Server
- class nvidia_resiliency_ext.fault_tolerance.rank_monitor_server.RankMonitorLogger(name='RankMonServer', level=20, connected_rank=None, is_restarter_logger=False)[source]
Bases:
Logger
Logger used in a rank monitor process
Initialize the logger with a name and an optional level.
- log_restarter_event(message, *args, **kwargs)[source]

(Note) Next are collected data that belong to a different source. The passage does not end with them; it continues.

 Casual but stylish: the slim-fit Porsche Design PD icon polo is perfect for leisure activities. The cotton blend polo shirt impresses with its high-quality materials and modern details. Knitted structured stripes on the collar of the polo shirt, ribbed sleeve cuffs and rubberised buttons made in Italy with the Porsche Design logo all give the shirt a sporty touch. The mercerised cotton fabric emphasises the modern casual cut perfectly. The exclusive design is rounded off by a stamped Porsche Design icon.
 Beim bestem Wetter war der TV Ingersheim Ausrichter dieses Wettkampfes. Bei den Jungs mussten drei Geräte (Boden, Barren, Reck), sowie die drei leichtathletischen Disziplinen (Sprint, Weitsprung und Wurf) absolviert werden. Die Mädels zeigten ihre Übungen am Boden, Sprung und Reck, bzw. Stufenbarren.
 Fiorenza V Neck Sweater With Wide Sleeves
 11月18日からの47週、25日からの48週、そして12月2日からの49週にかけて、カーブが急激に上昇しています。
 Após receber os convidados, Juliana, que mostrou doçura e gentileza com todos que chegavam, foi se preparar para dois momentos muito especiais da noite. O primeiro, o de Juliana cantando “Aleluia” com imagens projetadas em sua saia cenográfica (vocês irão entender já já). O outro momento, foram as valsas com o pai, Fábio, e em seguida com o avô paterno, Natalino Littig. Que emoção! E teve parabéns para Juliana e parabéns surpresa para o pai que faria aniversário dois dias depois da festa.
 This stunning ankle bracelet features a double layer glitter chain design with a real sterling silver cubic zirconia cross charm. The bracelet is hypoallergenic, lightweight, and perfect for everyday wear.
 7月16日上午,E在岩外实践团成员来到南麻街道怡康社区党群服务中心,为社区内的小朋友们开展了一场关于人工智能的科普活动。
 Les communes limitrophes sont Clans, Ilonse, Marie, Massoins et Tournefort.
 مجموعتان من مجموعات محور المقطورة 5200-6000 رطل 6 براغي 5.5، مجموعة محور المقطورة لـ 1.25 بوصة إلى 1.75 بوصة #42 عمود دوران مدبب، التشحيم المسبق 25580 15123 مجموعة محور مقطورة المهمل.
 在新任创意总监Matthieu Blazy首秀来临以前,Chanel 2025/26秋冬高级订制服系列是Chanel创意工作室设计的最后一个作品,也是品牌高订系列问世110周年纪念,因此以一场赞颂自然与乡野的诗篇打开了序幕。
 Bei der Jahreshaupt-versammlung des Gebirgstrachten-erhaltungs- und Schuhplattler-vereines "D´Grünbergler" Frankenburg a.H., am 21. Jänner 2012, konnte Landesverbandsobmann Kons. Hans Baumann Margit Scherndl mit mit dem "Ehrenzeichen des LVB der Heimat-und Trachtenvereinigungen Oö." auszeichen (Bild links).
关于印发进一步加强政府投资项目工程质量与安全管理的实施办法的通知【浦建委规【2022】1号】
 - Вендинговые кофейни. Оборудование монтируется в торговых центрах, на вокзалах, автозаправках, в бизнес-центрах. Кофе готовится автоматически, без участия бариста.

Log a restart event that should always be visible, but only if restarter logging is enabled. :param is_restarter_logger: Whether restarter logging is enabled :param message: The message to log :param *args: Additional arguments for logging :param **kwargs: Additional arguments for logging
- class nvidia_resiliency_ext.fault_tolerance.rank_monitor_server.RankMonitorServer(cfg, ipc_socket_path, rank_monitor_ready_event, logger, is_restarter_logger)[source]
Bases:
object
RankMonitorServer, running in a separate process, is responsible for monitoring the ranks. RankMonitorClient is intialized in each rank and is used to communicate with the RankMonitorServer.
Initializes the RankMonitorServer object.
- Parameters:
cfg (FaultToleranceConfig) – The configuration object for fault tolerance.
ipc_socket_path (str) – Path of the IPC socket connecting this monitor with its rank
rank_monitor_ready_event (mp.Event) – The event indicating that the rank monitor is ready.
is_restarter_logger (bool) – True if this monitor writes state transition logs
logger (logging.Logger) – The logger object for logging.